Here is a test piece of JSON for you. It lists a couple of (made-up) courses with some data about each course:

[
    {
      "name"  : "Saving the World 101",
      "start-date": "Jan 01 2012 12:00:00 +0000 2012",
      "participants"  : 25,
    },
    {
      "name"  : "Advanced Superhero Costume Design",
      "start-date": "Feb 02 2012 12:00:00 +0000 2012",
      "participants"  : 12,
    }
]   

When your program first receives the JSON data, it will be formatted as a string. It won't look quite as pretty, but rather more like so:

'[{ "name":"Saving the World 101","start-date":"Jan 01 2012 12:00:00 +0000 2012","participants":25},{"name":"Advanced Superhero Costume Design","start-date": "Feb 02 2012 12:00:00 +0000 2012","participants" : 12}]'

JSON is formatted as a string because every language has a string data type. Using a string means that JSON-formatted data is inter-operable with any language. Each language has a library or module that you can use to work with JSON. Those libraries convert the JSON-formatted string into native data types of that language. 

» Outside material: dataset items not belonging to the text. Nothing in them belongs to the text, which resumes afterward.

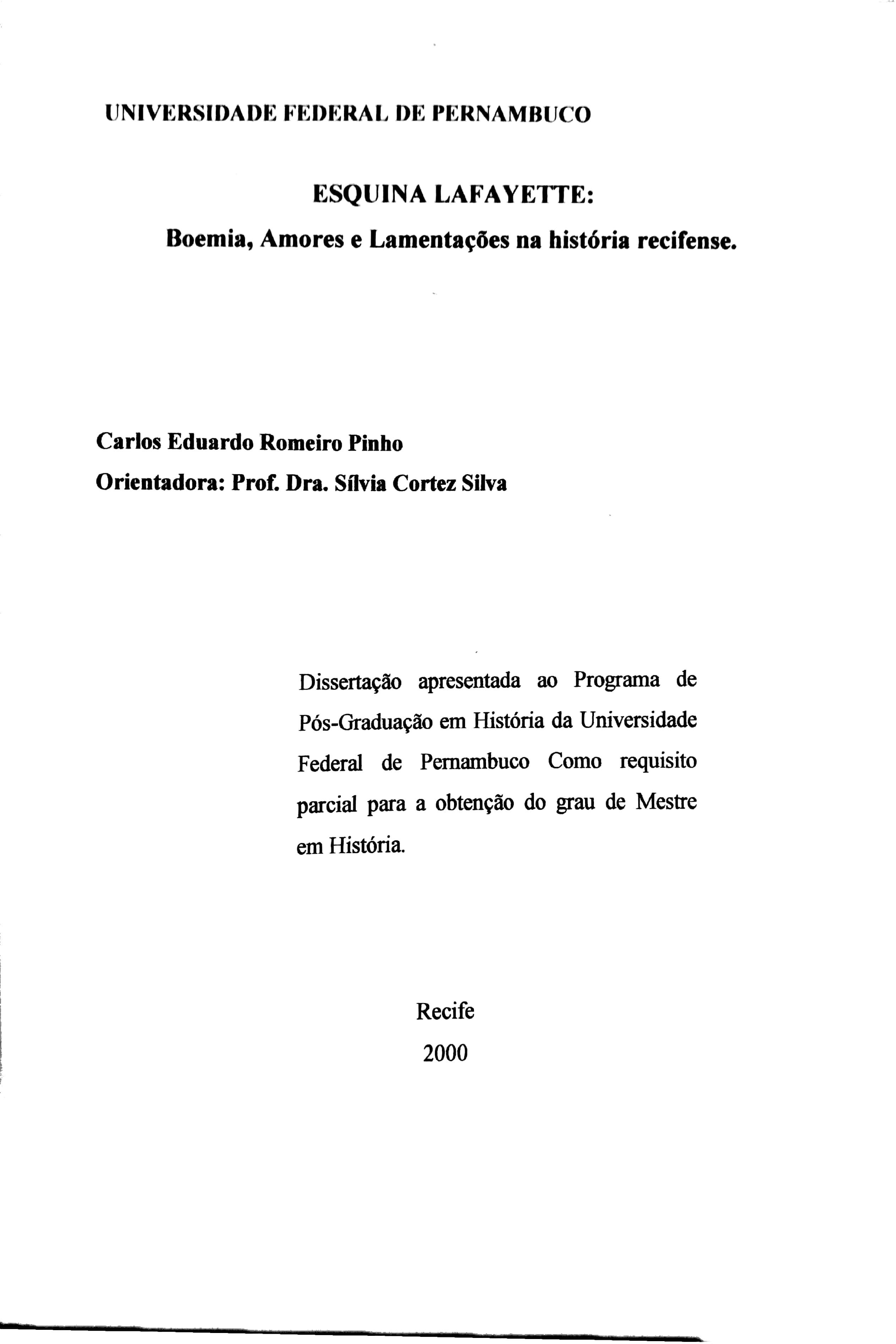 Esquina Lafayette: Boemia, Amores e Lamentações na História Recifense
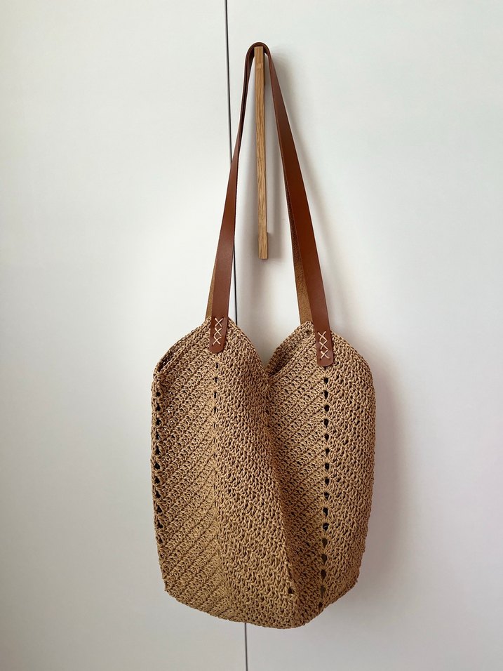 Bej örgü kağıt ipten yapılmıştır, model detaylı ve kahverengi saplı bohem tarzda kadın çantası. Günlük kullanıma uygun, açık renk ve desensiz.
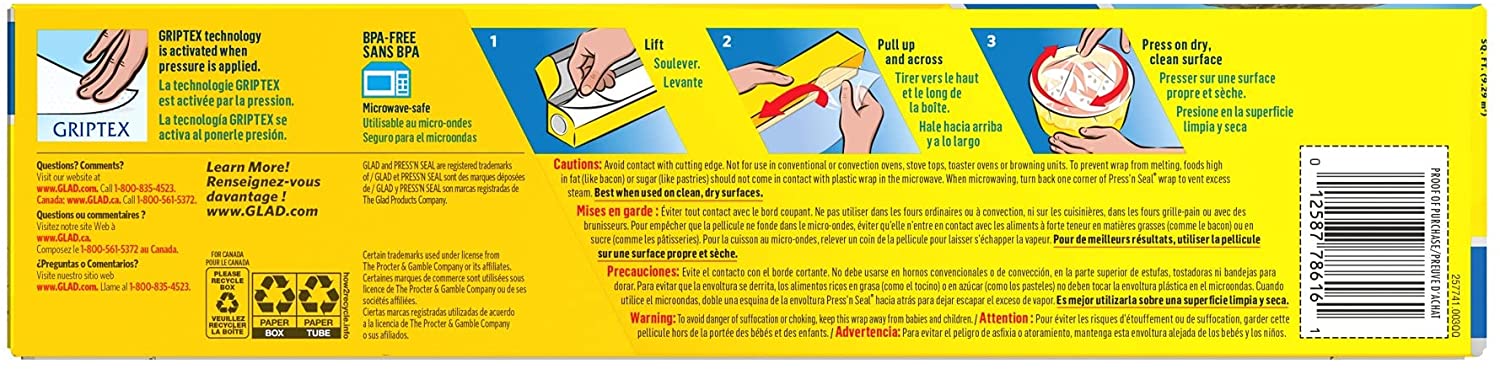 Glad Press-n Seal Plastic Food Wrap - 100 Square Foot Roll (Pack of 3)
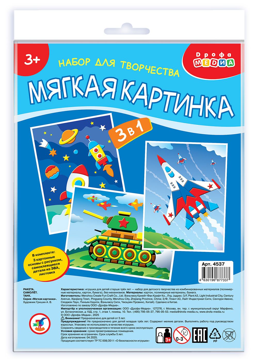 Увлекательная аппликация с яркими картинками и мягкими деталями из безопасного пластика ЭВА разнообразит досуг вашего ребёнка.
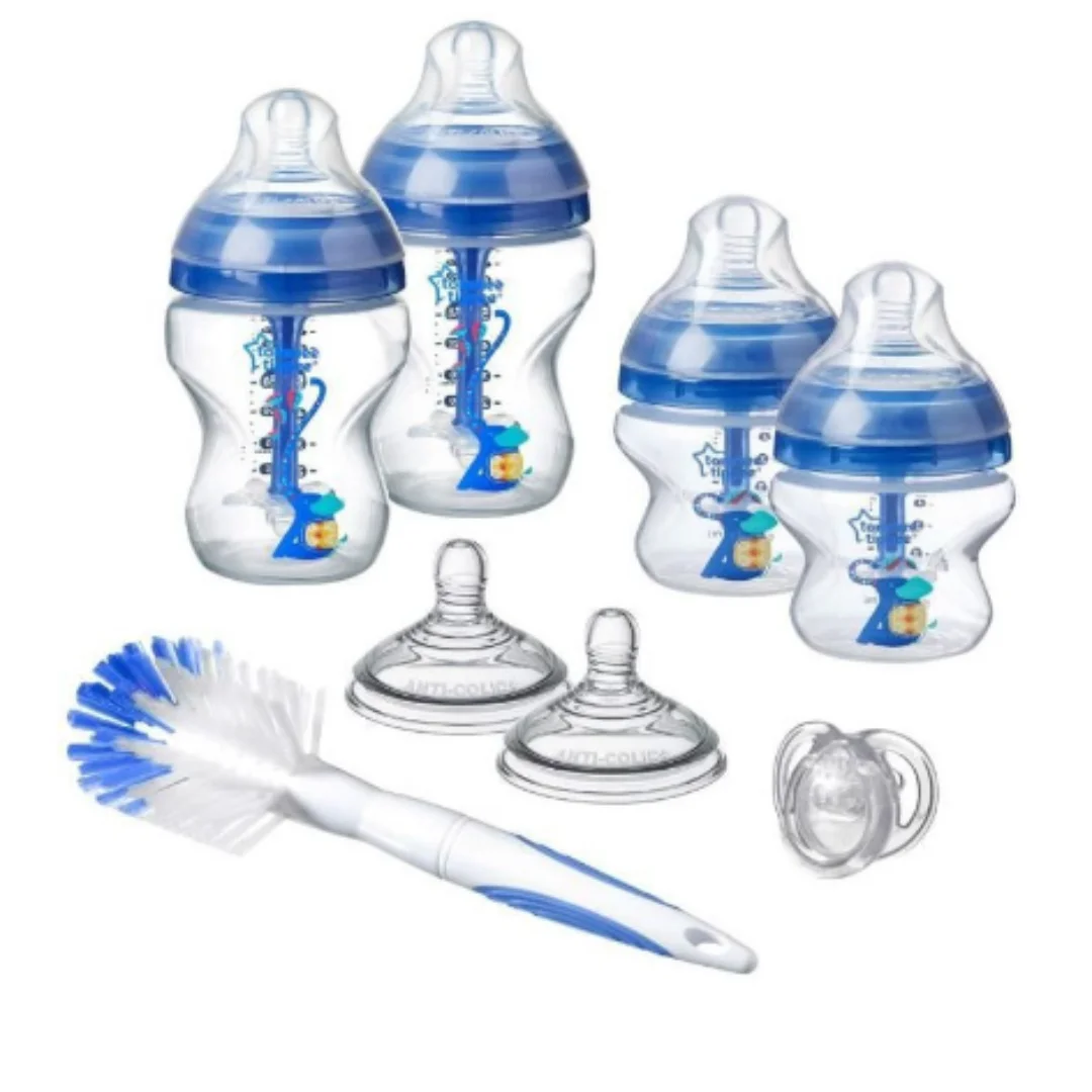 TOMMEE TIPPEE ADVANCED ANTI COLIQUE KIT DE NAISSANCE BLEU contient : 2 biberons 150 ml avec tétine débit lent 2 biberons 260 ml avec tétine à débit lent 2 tétines à débit moyen 1 goupillon (pour biberon et tétine) 1 sucette 0-6 mois Caracterestiques des biberons advanced…
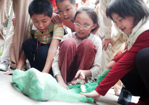 昨日上午11時左右,家住福州市西湖賓館宿舍5棟的藍先生,在樓前發(fā)現(xiàn)一條身長近2米、被裝在編織袋中的巨蜥。據(jù)東南快報報道,這里距三天前發(fā)現(xiàn)的那條巨蜥不到5米。昨日下午,這只蜥蜴同樣被送往福州市動物園寄養(yǎng)。
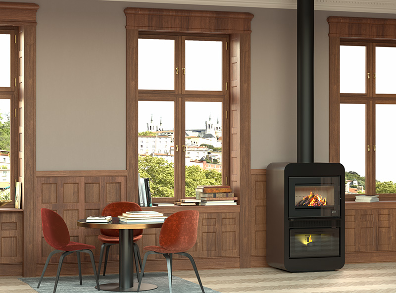 Ungaro a donc "mixé" son poêle à granulés Gally et son appareil à bois Inux dans un même appareil, cela a donné naissance à Combo Air :
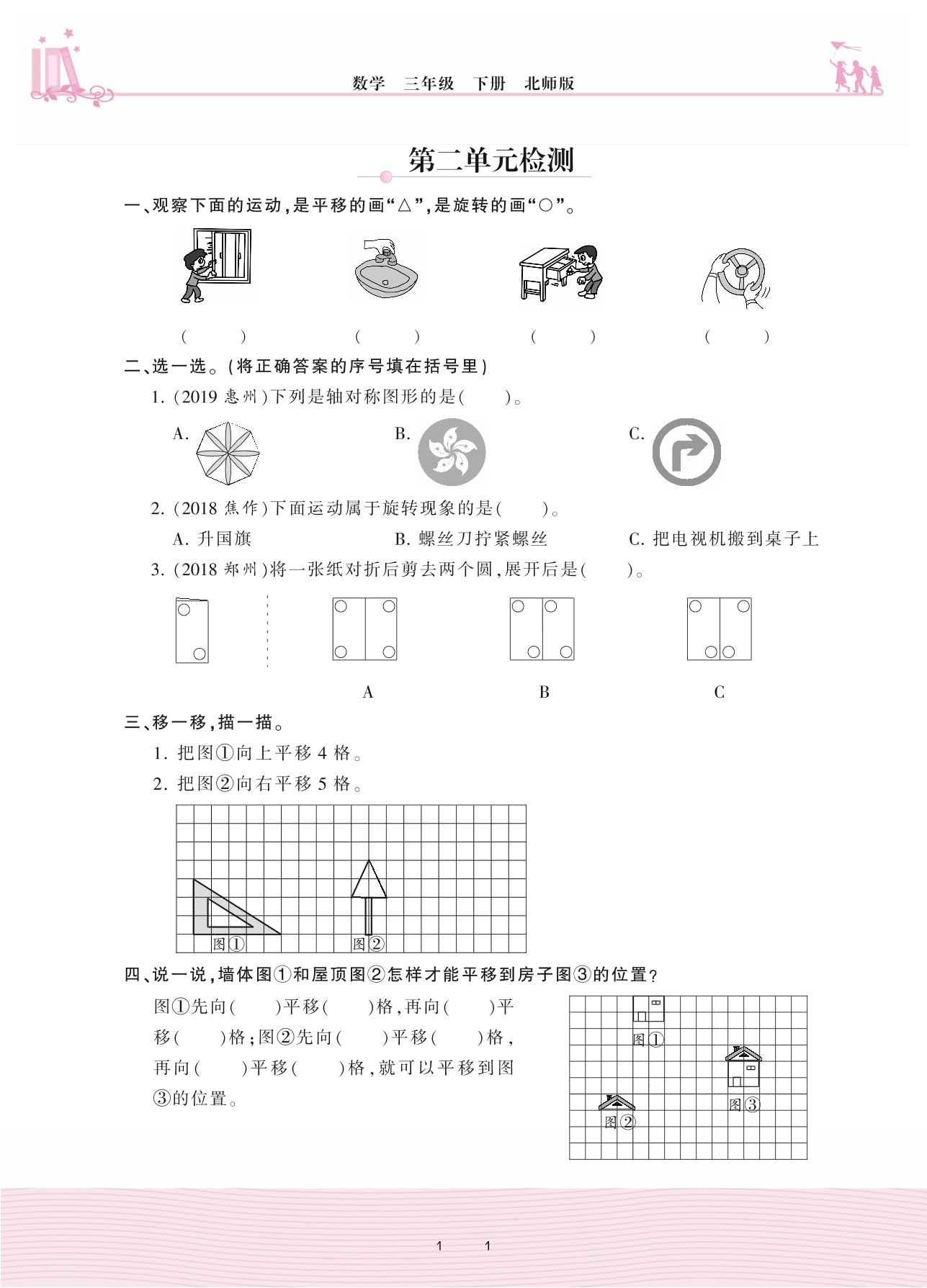 2021下册三年级数学北师版 二 图形的运动——第二单元检测
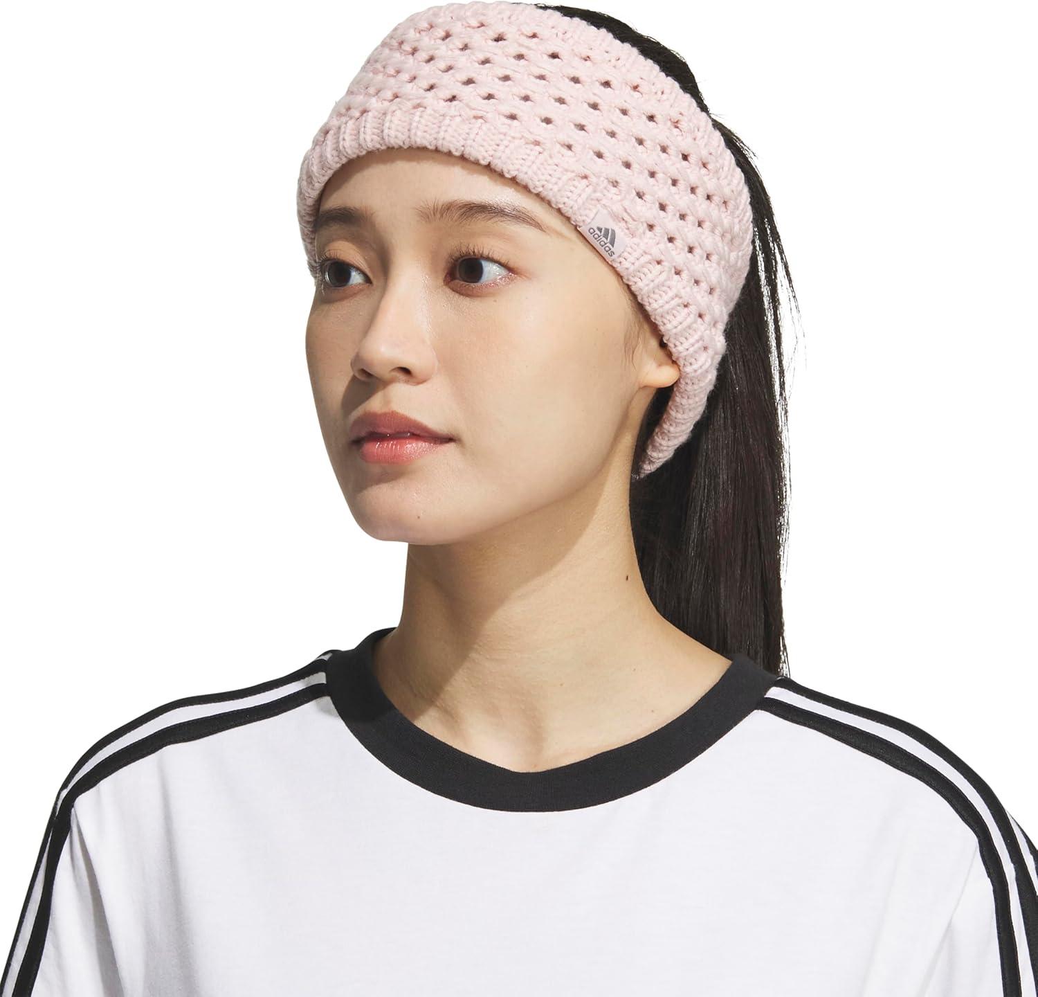 adidas Women’s Lifestyle Fuzzy Knit Headband – Soft Winter Ear Warmer(Crestline/Sandy Pink/Grey Three)
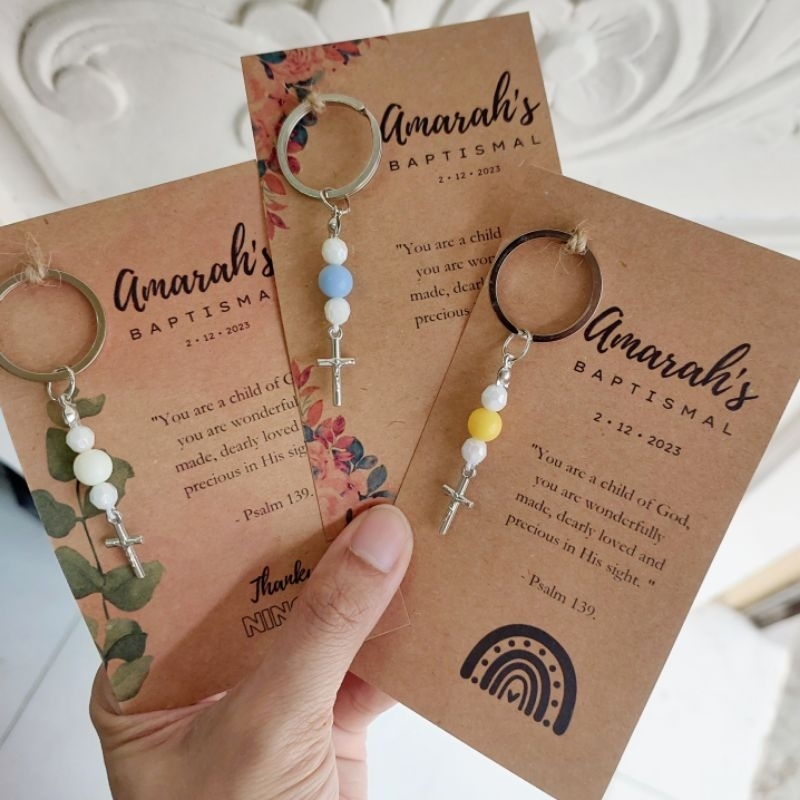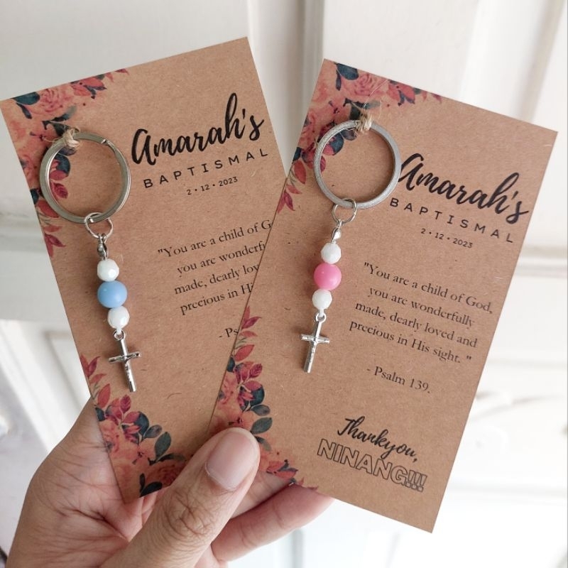 (6PCS W/PACKAGING) Baptism Baptismal Christening Souvenir Giveaways Baby Rosary Cross Keychain
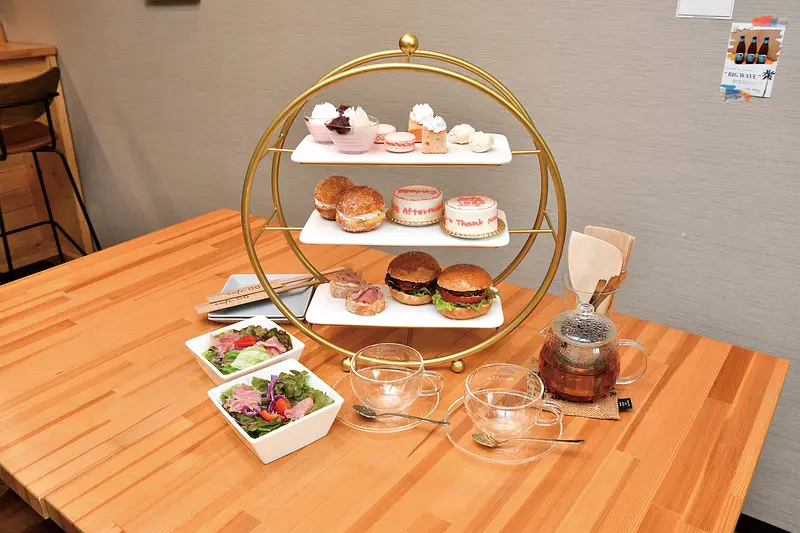 2023年にスタートしたアフタヌーンティーセットは、旬の果実やイベントごとに内容を変え、このセットでしか味わえないスイーツ、フード、ハイブランド紅茶を揃えた、リピーター続出のメニュー。5月いっぱいまで楽しめる「桜のアフタヌーンティー」は、サラクの塩漬けやリキュール、パウダーを使った優しい甘さのスイーツを用意した。ほのかな塩味がアクセントの杏仁豆腐ミニパフェ、シュワッと口の中で溶けるマカロン、パウンドケーキ、トリュフチョコレート、口当たり軽やかなハワイアンドーナツの生クリーム入りマラサダとサクラの香りが鼻腔をくすぐる多彩なスイーツほか、ミニセンイルケーキが1、2段目を飾る。フードは全粒粉のバンズから手作りするハンバーガー、生ハムとクリームチーズのバゲット、しっかりとした量のサラダが付いてボリューム満点。ゆっくり味わい過ごす時間に癒やされる。
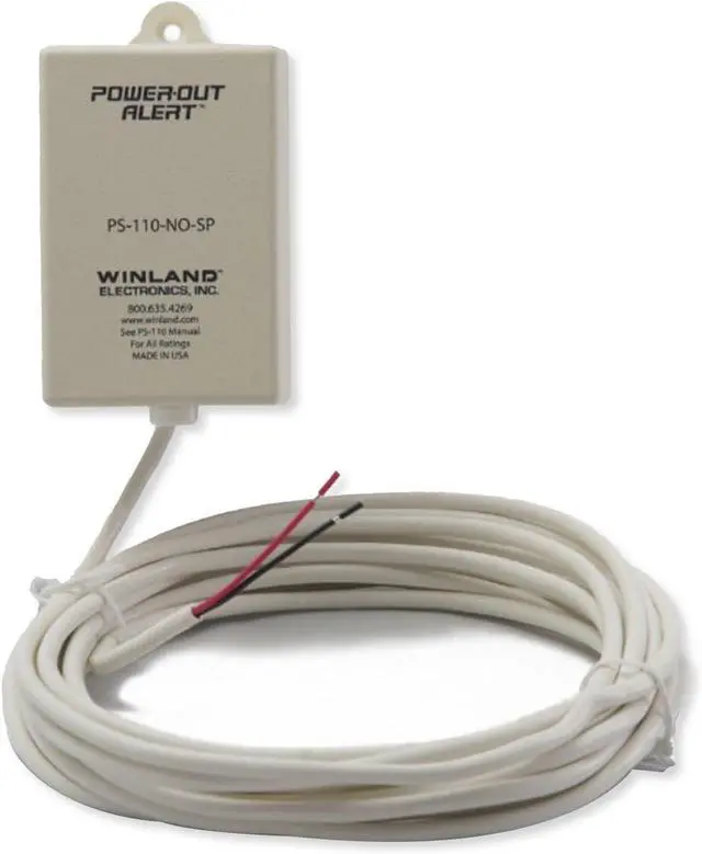 The POWER-OUT ALERT by Winland is a compact, easy-to-use monitor that simply plugs into any outlet on the (120 volt AC) circuit needed to be monitored. POWER-OUT ALERT has an attached 15 foot cord that wires into an existing alarm system, telephone dialer or other emergency equipment. When power to the monitored circuit is interrupted for more than 3 to 8 consecutive minutes, POWER-OUT ALERT activates the connected emergency equipment, providing prompt notification of a power outage. This sensor can be used with virtually any security/monitoring/home automation system that accepts a dry contact closure as a signal. Use it with the X10 Security System Wireless Transmitters, the JDS TimeCommander Plus, Sensaphone, etc. Contacts rated for 500mA at 30 Volts AC/DC.

To process this bit of JSON, you will need to create a variable and set it equal to the JSON string above. For example, in both Ruby and Python this would look like (note the single quotes surrounding the string):

js = '[{ "name":"Saving the World 101","start-date":"Jan 01 2012 12:00:00 +0000 2012","participants":25},{"name":"Advanced Superhero Costume Design","start-date": "Feb 02 2012 12:00:00 +0000 2012","participants" : 12}]'

Find the JSON-specific function call in your language of choice that takes a string as its argument and returns language-specififc data objects like lists and hashes. Here's a hint to get you started: in Python, tell the interpreter you want to use the JSON module by typing import json . In Ruby, you will want to type require 'json'  (including the single quotes around the word json).

Once you find the function you want to use (a quick google search should help), make use of the print functionality in your language's interpreter to convince yourself (and ensure) that it's working: print out the raw JSON string, use the JSON function call to make the conversion, and then print out the converted data object if it's not automatically printed out for you. 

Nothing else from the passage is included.